DeFelice and I have long been able to have cogent and mutually respectful conversations across an ideological divide that can drive wedges between relatives, friends and author-source relationships.He told me he’s upset about the court decision as well, albeit for different reasons. I’m all about visceral observation; he would welcome outside observers because “it’s well known that Philadelphia can’t run an election on its own.”

DeFelice cited indictments for votes being added to machines, a state senate race that was actually overturned by the courts and related voter fraud that some consider paranoid delusion but others deem a conveniently ignored reality of this deep-blue city.


Then, he said the bill that brought about the recent decision had been pending for several years, that it’s not just a knee-jerk reaction fueled by Trump’s “rigged election” allegations as Democratic spin would have you believe.

“Right now you can circulate petitions anywhere in the state, but you can’t observe polls?” he asked, citing districts that span municipalities but residents therein aren’t permitted to observe polls throughout the very district they call home. “I was fine with people coming into the city as poll watchers.”

Well, so was I. 

When I told DeFelice why I was so into it, he became something of a wet blanket, though. He noted that anybody who’d want to poll watch in an official capacity would have to get a watcher certificate from, yep, DeFelice.

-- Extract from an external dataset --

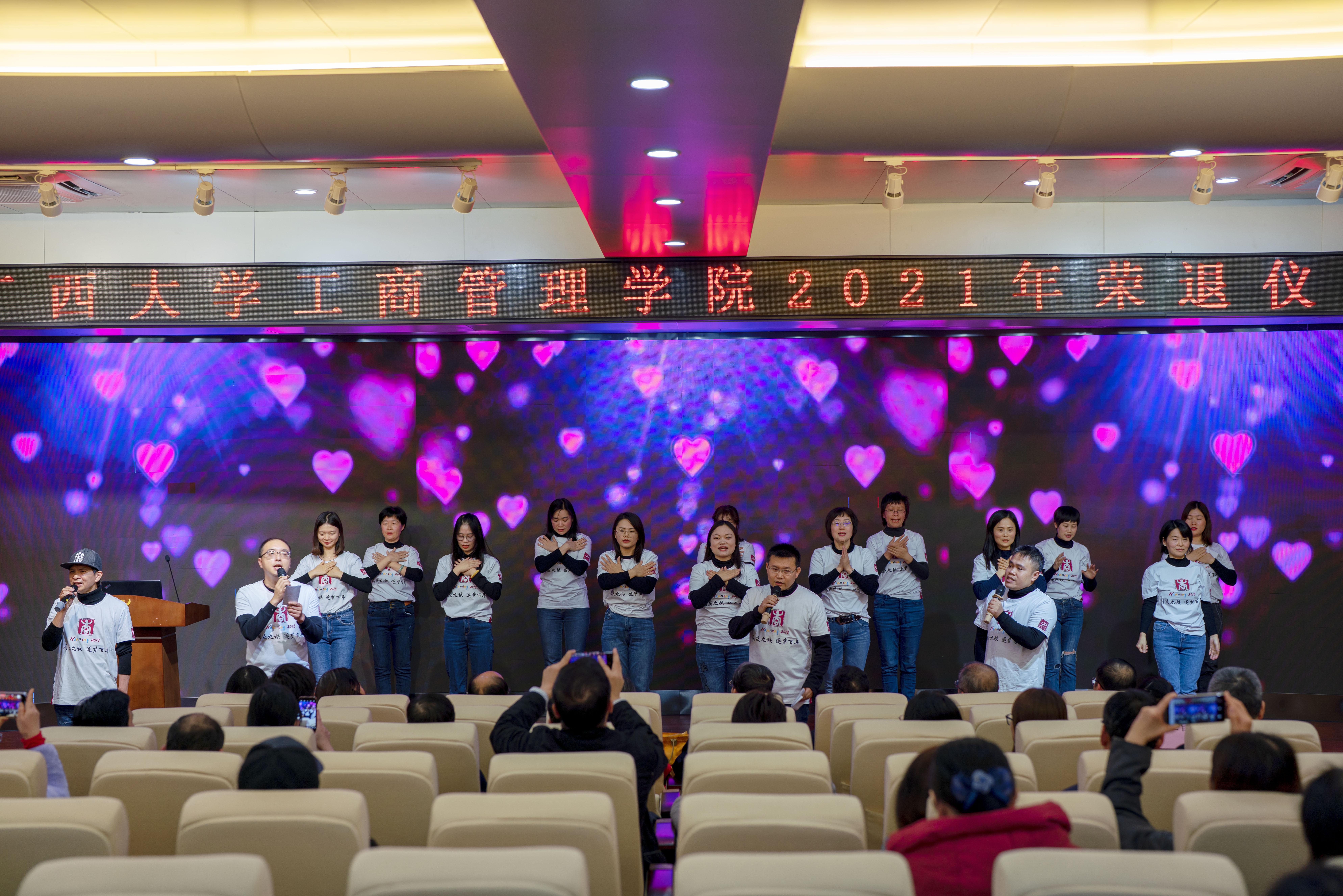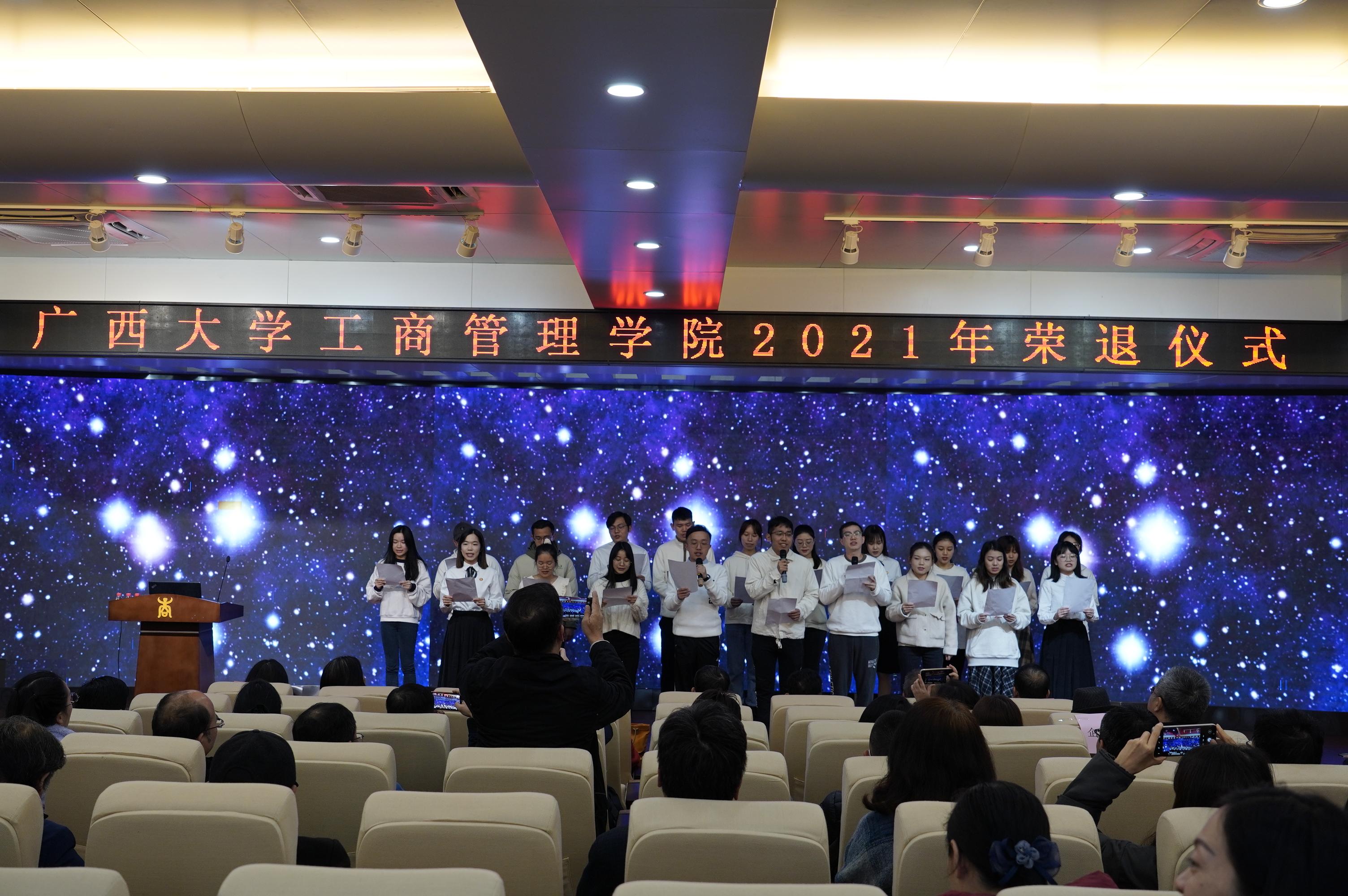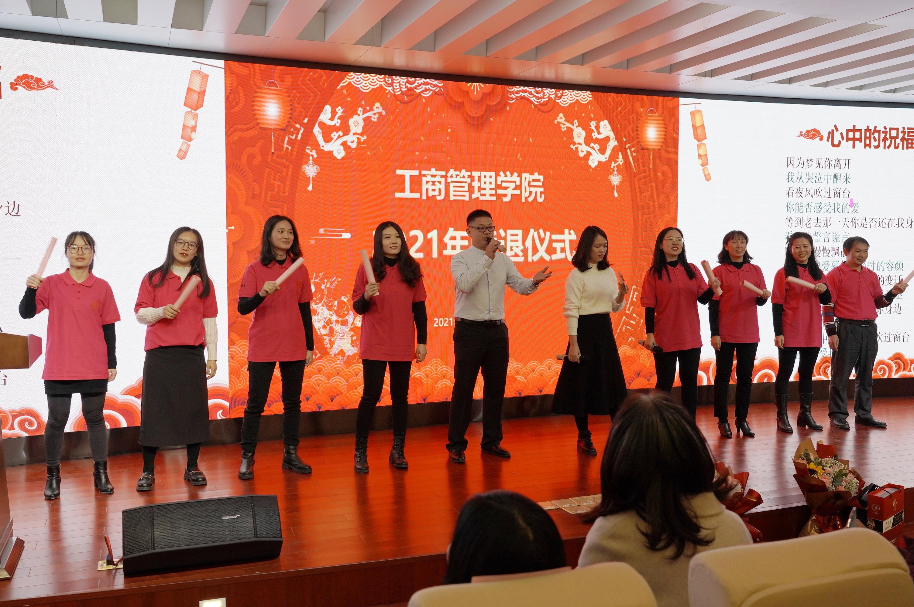 荣退仪式上,为更好地分享和宣传荣退教师的优秀事迹,学院精心策划、制作了专访视频,在仪式现场邀请共事多年的老师们讲述退休老教师的趣闻逸事,还穿插了由老师和同学们表演的歌舞、诗朗诵,全场洋溢着温暖又欢乐的气氛。

It wouldn’t be as Wild West-y as I’d anticipated, he said. Outsiders would stick out from the crowd; even someone observing polls across the city from their home would know enough about the lay of the land so as not to stoke ire in others.

“If someone was acting like a nutcase, I wouldn’t issue one to them,” said DeFelice, noting that he’s gotten more media calls about poll watchers in the past several weeks than he has in his entire career. “That’s happened before, actually.”

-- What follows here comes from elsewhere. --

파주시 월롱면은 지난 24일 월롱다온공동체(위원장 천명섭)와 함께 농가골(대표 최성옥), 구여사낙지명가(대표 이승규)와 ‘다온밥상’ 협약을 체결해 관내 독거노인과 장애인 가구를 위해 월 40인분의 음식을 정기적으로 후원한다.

Well here’s hoping these stories don’t scare all of the yahoos off. And here’s a humble request for those brave enough to perform what they consider their Constitutional duty (or something like that): 

Drop me a line when you know where you’ll be. Twitter or email is fine. I’d love nothing more than to come out and watch you try to convince someone that a nickel bag of oregano is worth not voting in an election that may very well decide the survival of America itself.